The Wall Street Journal noted that translator "Hofmann has rendered this difficult novelist's richness of observation, insight and verbal elan into vibrant prose." Nadine Gordimer called the novel "scathingly beautiful...it is lyrically inescapable." The Independent praised Michael Hofmann's translation: "In a brilliant translation of this great German novel, Michael Hofmann has illuminated a dark corner of recent European history. A forgotten masterpiece." The Frankfurter Allgemeine Zeitung wrote: "The Hothouse is literature of a quality that is not often attained."

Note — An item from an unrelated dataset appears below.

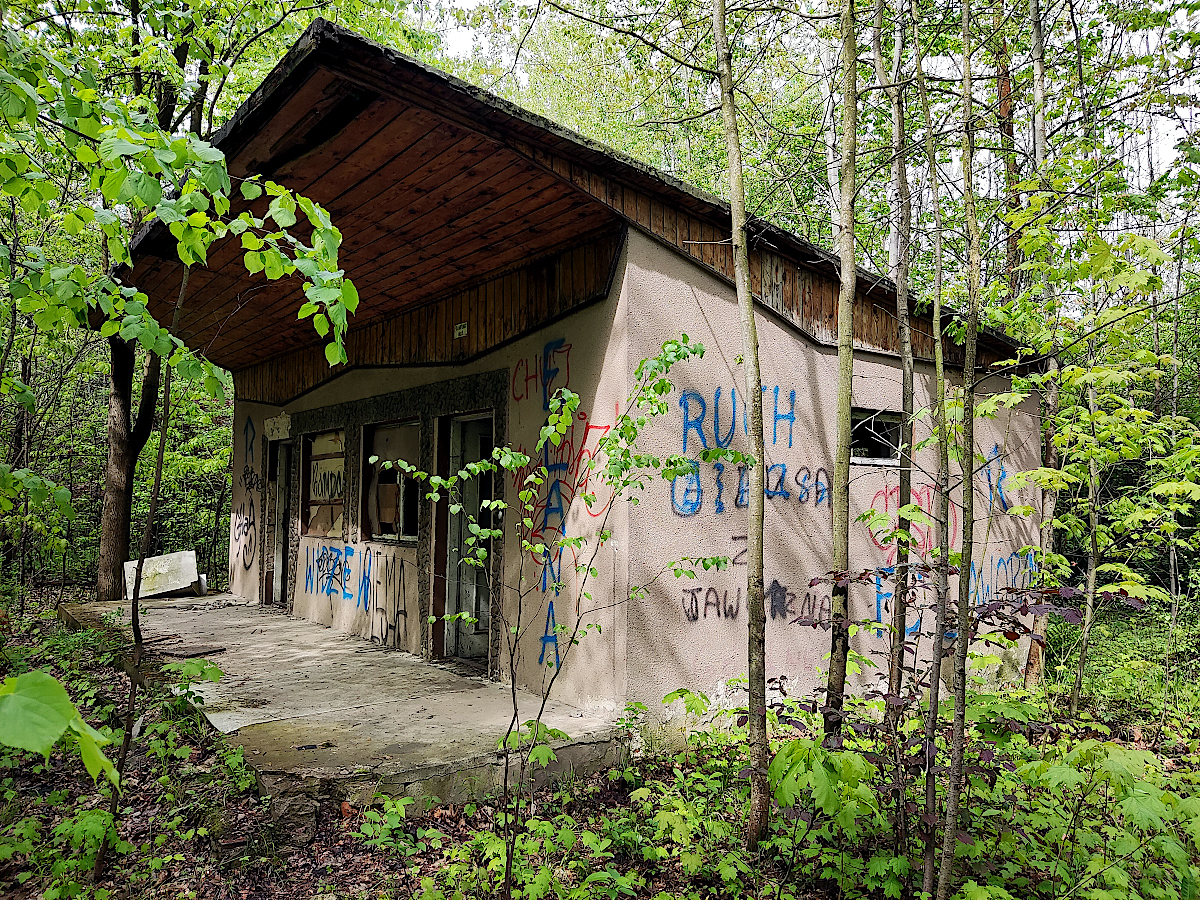 Pozostałości ośrodka wypoczynkowego Leśny Dwór w Bukownie.

The Times Literary Supplement observed that "the whorl of Koeppen's fragments is always steeled by his precision and capacity for revelation, and each word in Hofmann's translation feels fixed in place as though it were a mortared brick." Writer Pankaj Mishra noted that "Wolfgang Koeppen, a remorselessly brilliant German writer of the twentieth century, has long remained scandalously obscure in the Anglophone world."

== Adaptations ==

=== Film ===
In 1987, the novel was adapted into a film of the same name directed by Peter Goedel. The film was nominated for the German Film Award for Outstanding Feature Film.

Cast and crew
| Role | Name |
|---|---|
| Director, Writer, Producer | Peter Goedel |
| Cinematography | David Slama |
| Film editing | Peter Goedel, Christiane Jahn |
| Music | Richard Wagner (from Das Rheingold) |
| Keetenheuve | Christian Doermer |
| Elke | Laila-Florentine Freer |
| Frost-Forestier | Jörg Hube |
| Mergentheim | Hanns Zischler |
| Knurrewahn | Otto A. Buck |
| Self | Wolfgang Koeppen |

The film incorporates documentary elements including an interview with Koeppen himself and historical newsreel footage. It uses music from Richard Wagner's Das Rheingold and attempts to draw connections between the 1950s setting and political events of the late 1980s.

=== Stage ===
In 2008, the novel was adapted into a stage drama by Frank Heuel and Stephanie Gräve and performed with considerable success by the Bonn Municipal Theatre (Theater Bonn).